We report on a case where a headmistress of some 23 years’ standing in the primary school system failed to disclose her relationship with a man who had been convicted of making indecent images of children.
The Employment Appeal Tribunal agreed that the decision to dismiss was fair, but their decision shows that the case was not clear cut as it might seem.
The Childcare Act 2006 disqualifies teachers who live in the same household as other disqualified people. However, the Act does not apply to maintained primary schools such as the one in which the unnamed claimant in this case taught.
After taking views from various people about her situation, including from the police, the Probation Service and the Criminal Record Bureau, the head teacher decided that it was not necessary for her to make the disclosure and did not do so.
When the school governors found out, she was disciplined for not making the disclosure to them. She was ultimately dismissed for failing to disclose the relationship, and for failing to “recant” this during the disciplinary process. The school indicated that they may have been more lenient had she recanted.
The Employment Appeal Tribunal, by a majority of 2 out of 3 judges, decided that, even though the failure to disclose was strictly outside the Childcare Act, it came “close to the boundaries”. Although the school had not spelt out exactly what the risk to the children was, the EAT found that it did not need to do so, because it was clear that the relationship represented a general risk to children.
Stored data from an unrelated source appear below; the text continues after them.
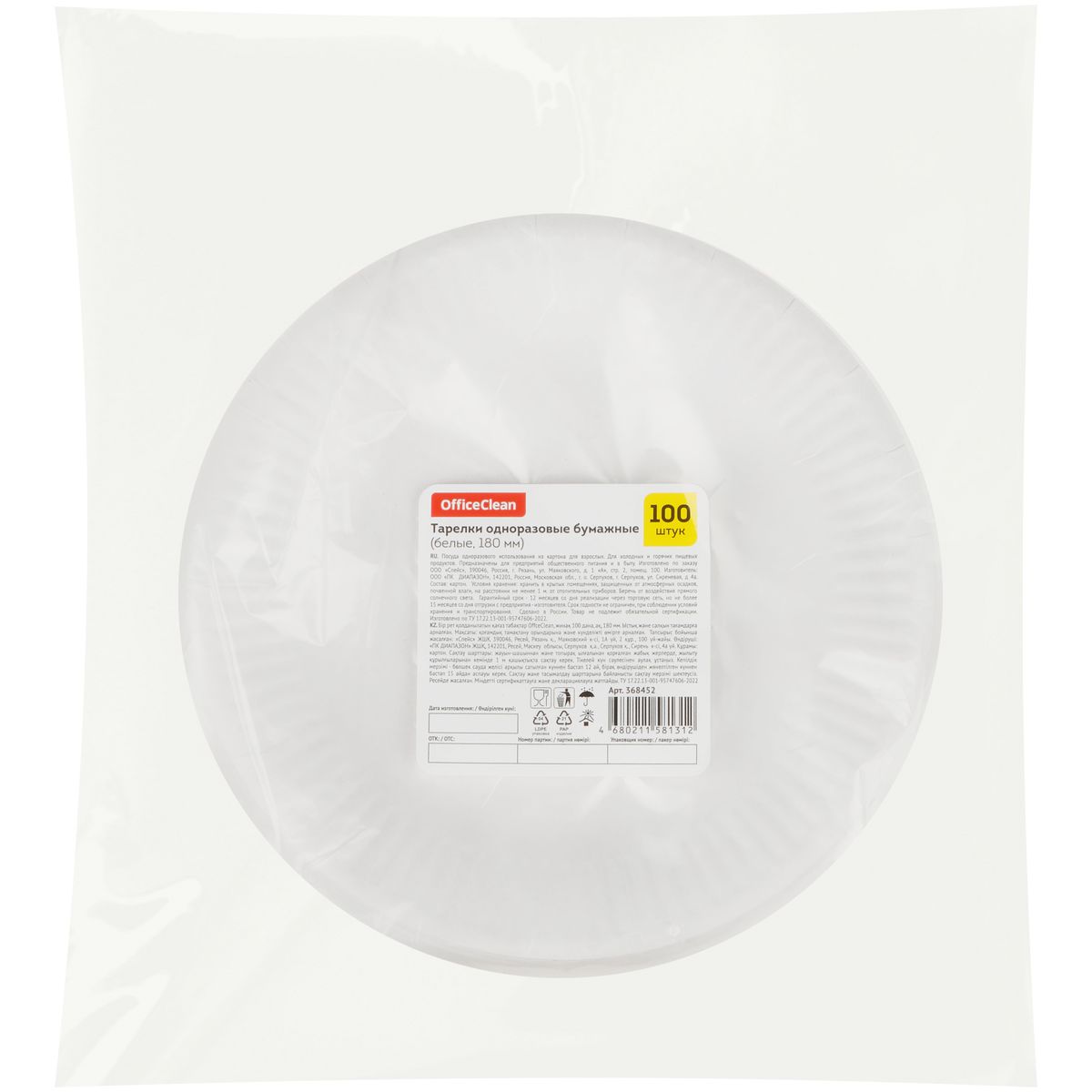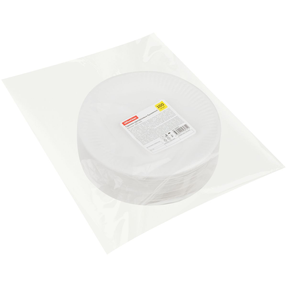 Тарелки одноразовые бумажные OfficeClean, набор 100шт., белые мелованные, 180мм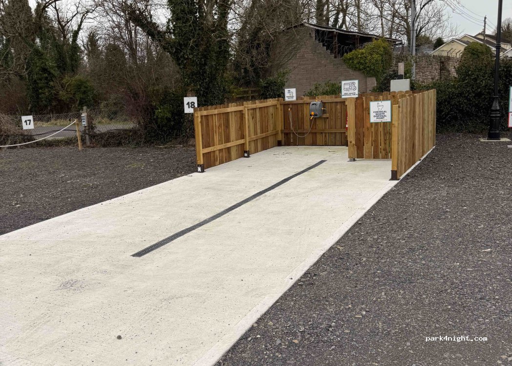 What a great little place in a great setting. There is a couple of pubs, Chinese takeaway, fish and chip shop and a great supermarket all within 2 minutes walk from the site. fresh water, grey and black waste and rubbish bins. The owner is easy to talk to and very helpful. the number to call is on the small office door by the fuel pump at the gate. €14 per night with EHU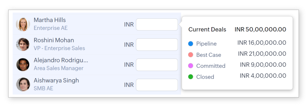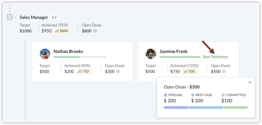- The manager and the user can quickly refer the Judged as "In" deal revenue for each user.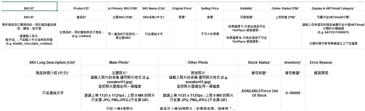 HKTVmall分類:需要為每個 SKU 選擇 HKTVmall 類別,最多可選擇3個HKTVmall分類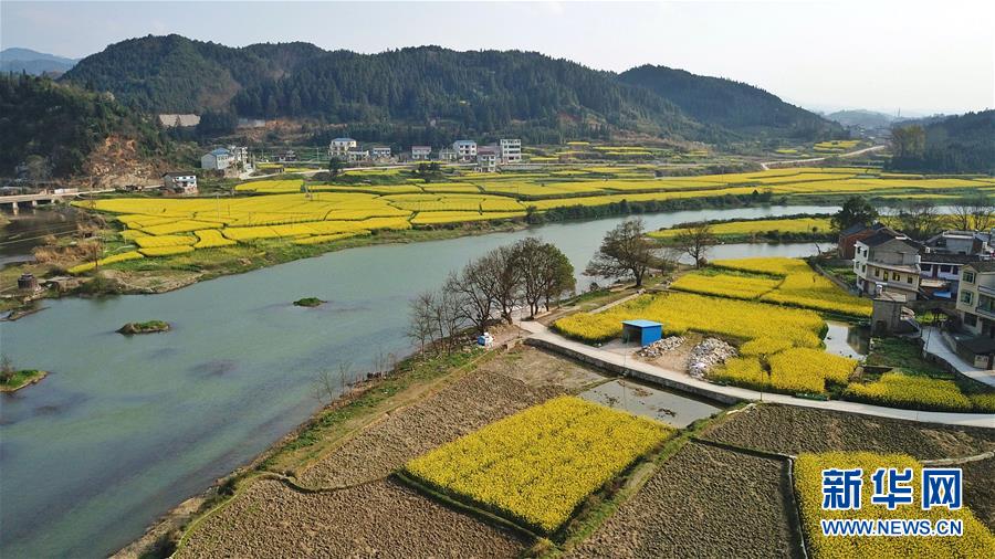 3月20日在貴州錦屏縣新化鄉(xiāng)拍攝的春景(無人機(jī)拍攝)。春分將至,貴州各地成片的油菜花漸次綻放,如同金色的地毯鋪上云貴高原。 新華社記者 歐東衢 攝
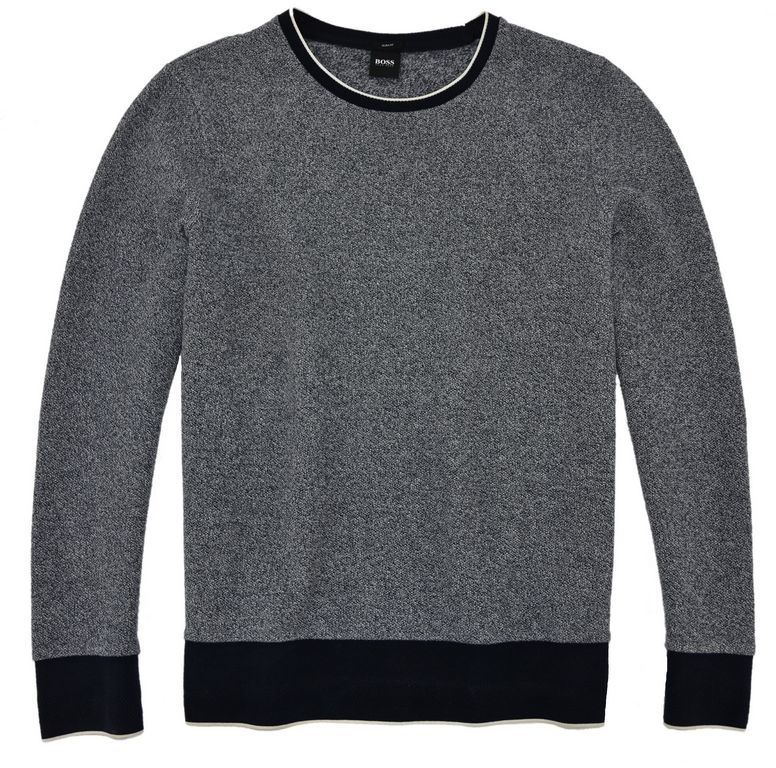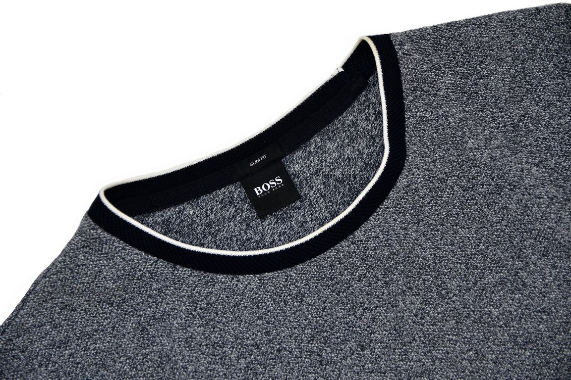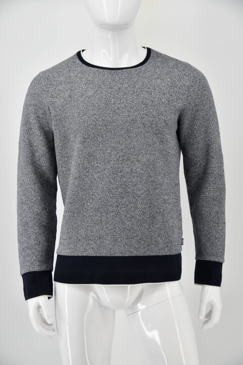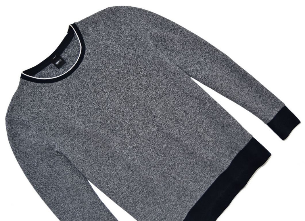 Sweter męski z wzorem w szary melanż wykonany z grubej bawełny. Miękki w dotyku, komfortowy w noszeniu. Krój prosty. Ściągacze przy rękawach i na dole. Idealny do wielu codziennych stylizacji.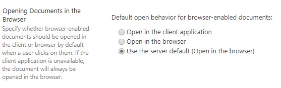 For the issue that “I cannot open the file directly in SharePoint Online (I can only work with the file within the browser)”, please first check if your admin has set the settings below for the document library: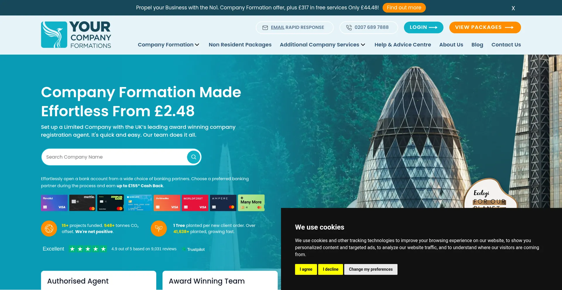 yourcompanyformations.co.uk has a good Trustpilot score (4.9) based on 9031 reviews, indicating a high level of trust from customers. It is a good sign of legitimacy!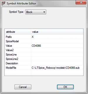 Jak widać na rysunku 5 w wyprowadzeniach zasilania pozostawiono widoczne etykiety, w pozostałych zostały ukryte. Po narysowaniu symbolu graficznego można go zapisać jako CD4066.asy. Jeśli symbol był tworzony z zastosowaniem funkcji automatycznej generacji, to plik zostanie zapisany w katalogu C:\....\LTspiceXVII\lib\sym\AutoGenerated. Po zapisaniu symbolu nie zamykamy jeszcze edytora, gdyż do używania tak zdefiniowanego elementu, konieczne jest jeszcze określenie kilku atrybutów. Przeznaczone do tego celu okno edycyjne jest wywoływane np. naciśnięciem kombinacji Ctrl-A. (rysunek 6). Obowiązkowo należy wypełnić pola: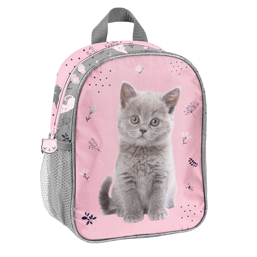 Mały plecak przedszkolny, jedna komora, jedna boczna kieszeń z siatki (mieści małą butelkę, bidon lub termos).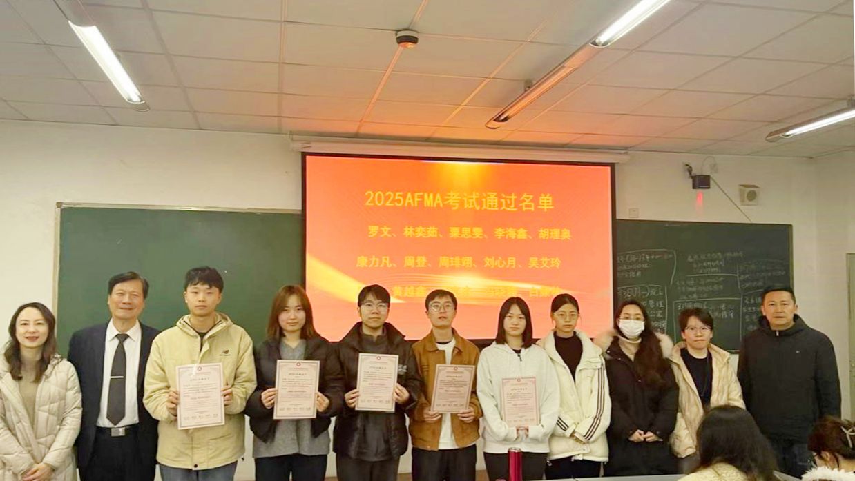 讲座结束时,黄达业教授和学院副院长吴平教授为考取AFMA证书的同学颁发荣誉证书,并鼓励他们继续在金融领域深耕,为金融强国建设贡献自己的力量。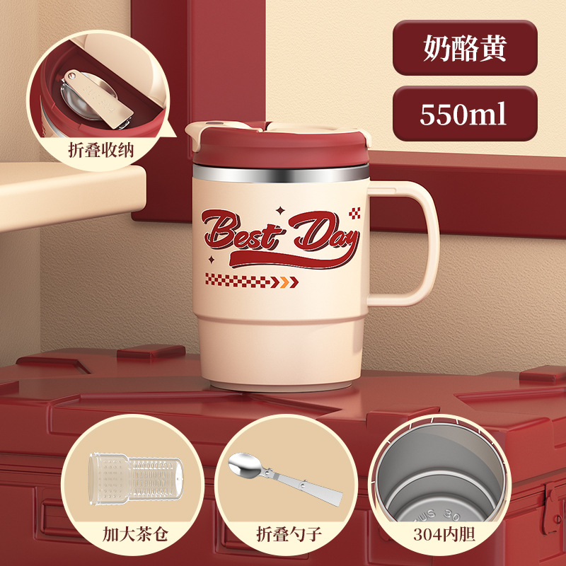 • 쿤타 550ml 차물 분리컵 304스푼 [치즈옐로]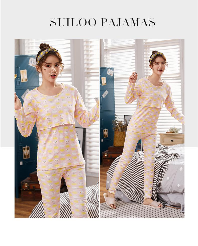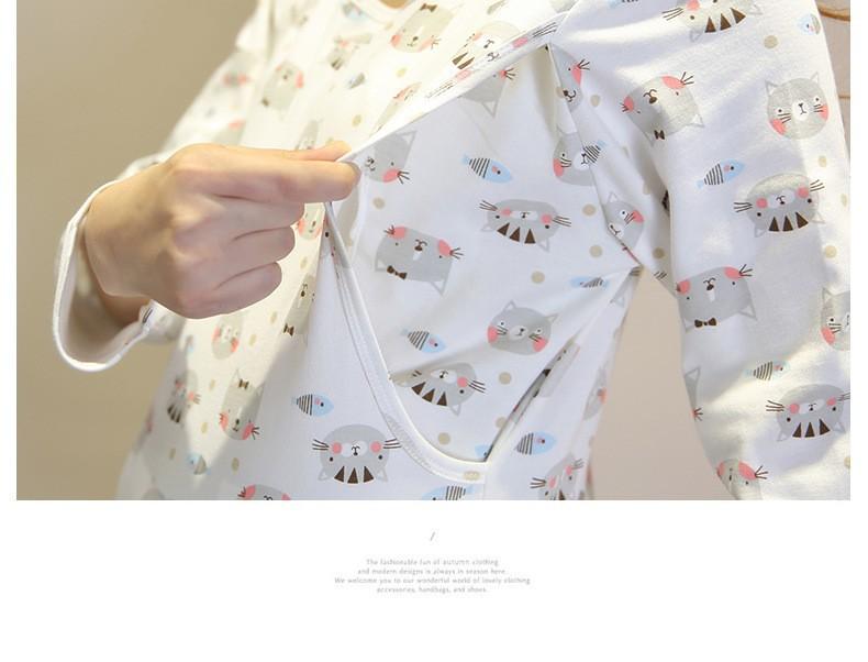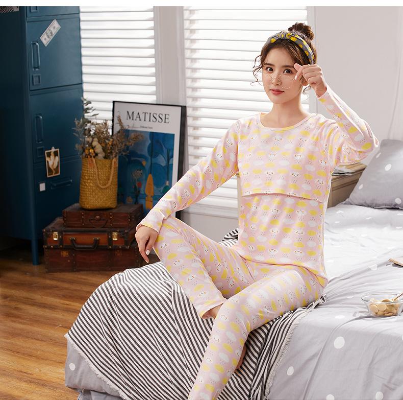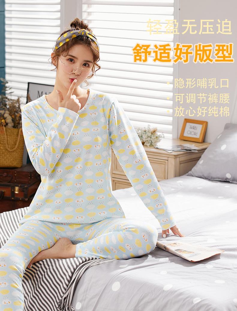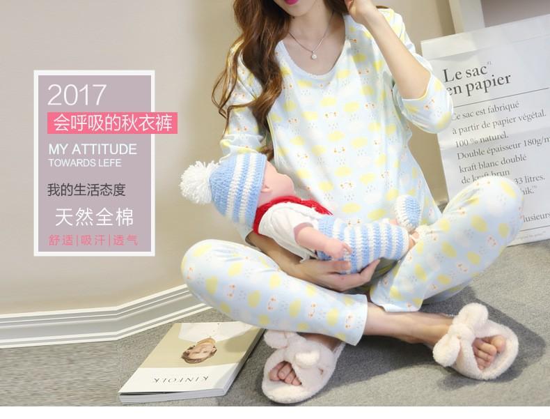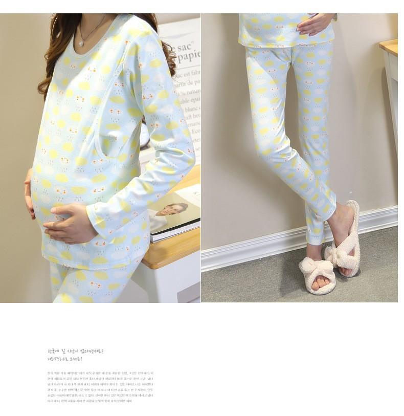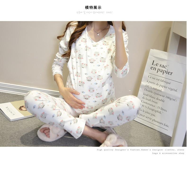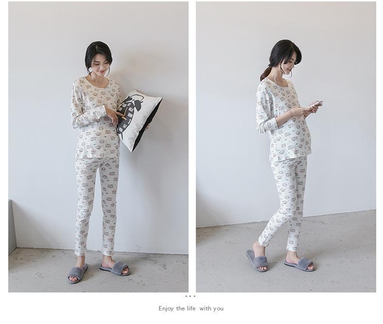Suéter de algodón para embarazadas, ropa de otoño y pantalones, ropa de lactancia, ropa de luna materna, pijamas de lactancia de primavera y otoño, conjunto de talla grande 1091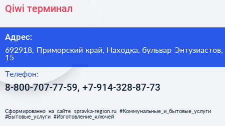 Qiwi, терминал по адресу 692918, Приморский край, Находка, бульвар Энтузиастов, 15 в дальнейшем Организация, размещена в следующих категориях: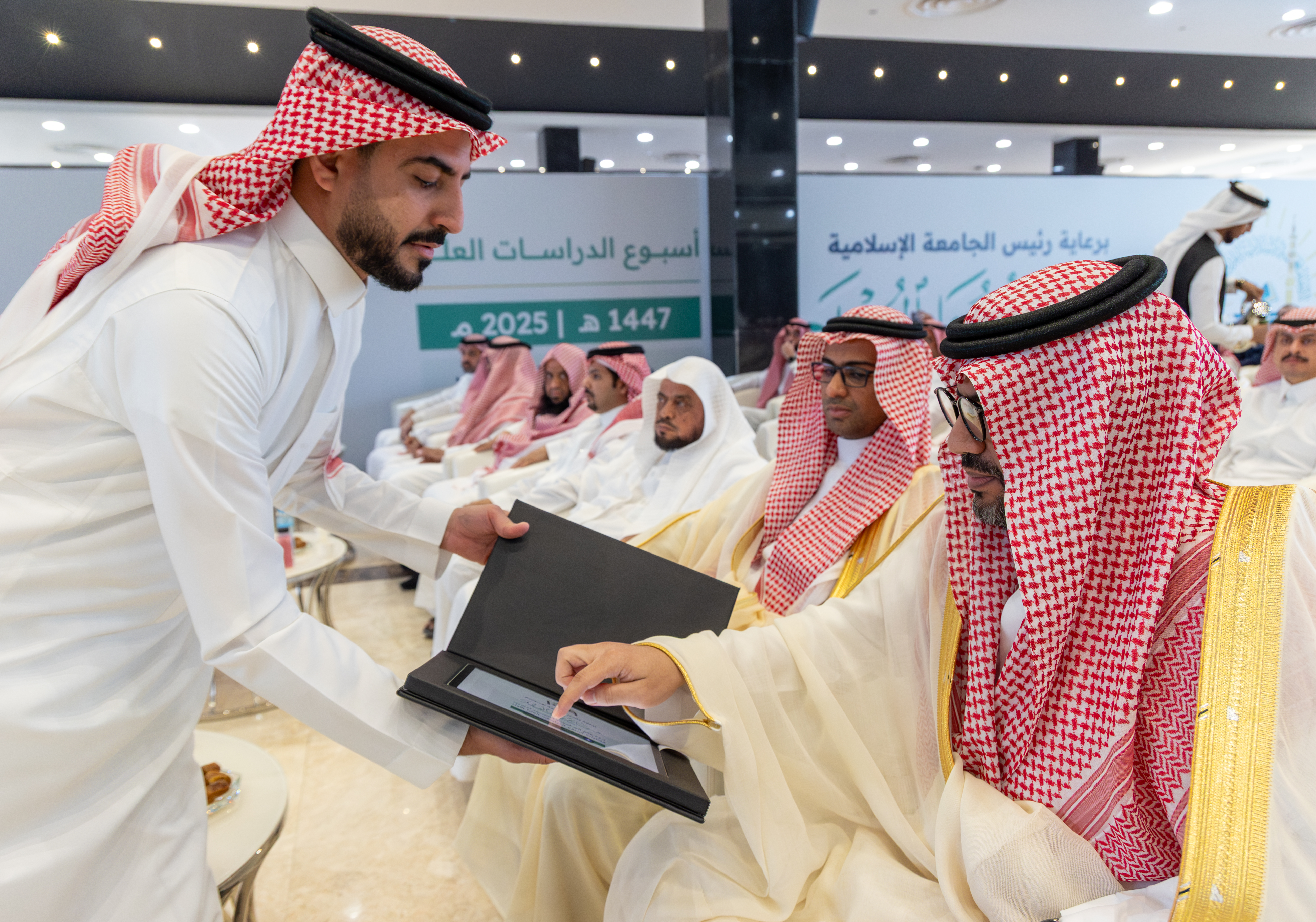 تحت رعاية رئيس الجامعة الإسلامية الدكتور صالح بن علي العقلا، أقيم اليوم حفل تدشين فعاليات أسبوع الدراسات العليا الأول تحت شعار "تمكين وتطوير"، وذلك في قاعة السلام خلال الفترة من 9 إلى 13 نوفمبر 2025م، بحضور وكلاء الجامعة، وعمداء الكليات، وأعضاء هيئة التدريس، وطلاب الدراسات العليا.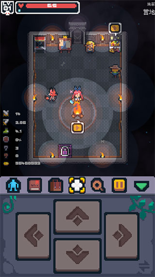 2、想要切换角色时,移动至篝火处,再次点击朝向篝火的方向键即可进入角色选择和强化界面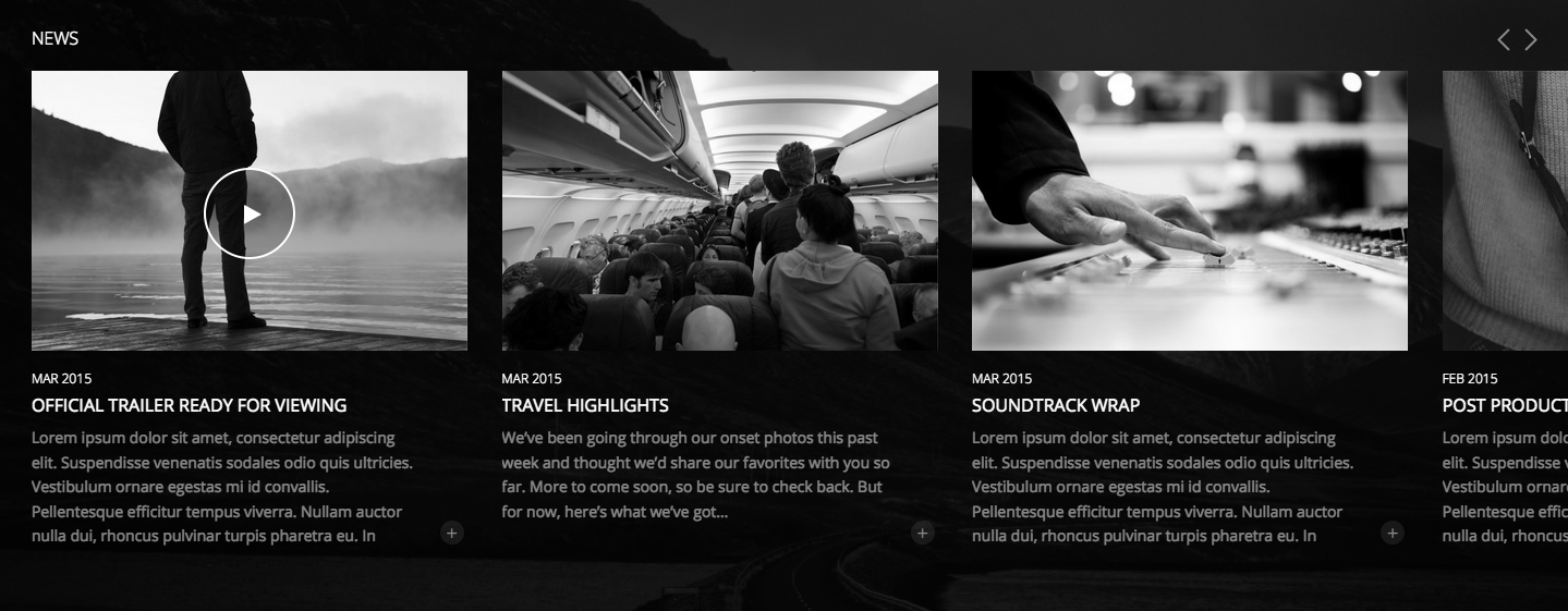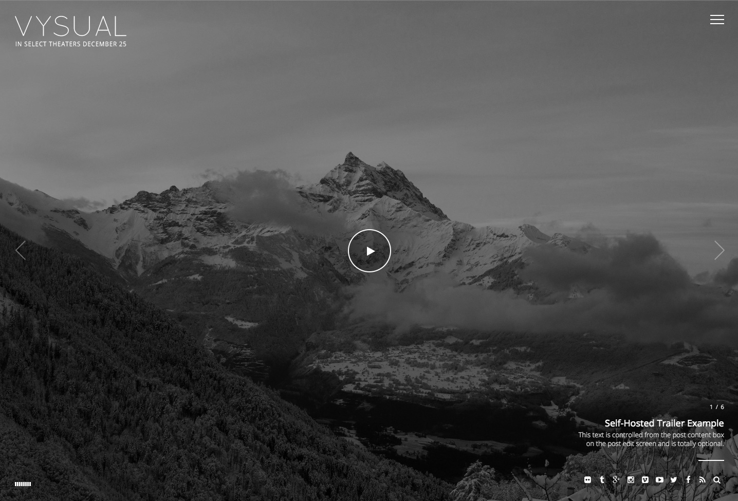 When using the "Videos Page" page template, the page displays a single video post with play button and title/content in the lower-right corner. There are arrow links to additional video posts. More info »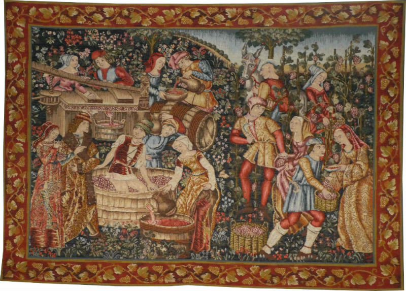 The Vendange tapestry is inspired by the original Vendanges wall hanging that was woven in Flanders around 1500 and is currently on display at the Cluny Museum in France. It is typical of the noble daily life theme found in the tapestries of the 15th century. The Lord and Lady are shown overseeing the grape harvest and the pressing of the grapes. Everyone, including the servants, wears the finest clothing and jewellery! This scene represents the two techniques of pressing known in the Middle Ages: pressing with the foot, where the peasant tramples the grain to crush it (a technique used for the not very important vines), and the press with screw which the peasants turn with a stick to crush the bunches and to extract the juice from them. The liquid is then collected in wooden barrels to be preserved.
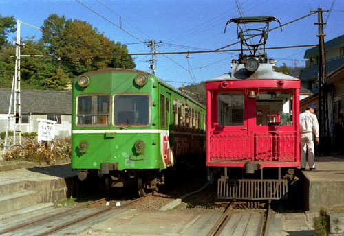 下津井駅で並ぶ緑のクハ103と赤い「メリーベル号」2000系 メリーベル号は、瀬戸大橋開業に合わせ観光の目玉にと新製されたオープンデッキをもつ観光用電車。 1990-11-24 下津井電鉄 下津井 |

The judge who did not agree with this decision disagreed that there was a clear general risk to children arising out of the relationship. Mere association with a sex offender was not, in his view, sufficient to make it reasonable to assume there was a risk to children.
The EAT made it clear that cases such as this may result in a different outcome, as a Tribunal may not necessarily see a link between the relationship and a risk to children.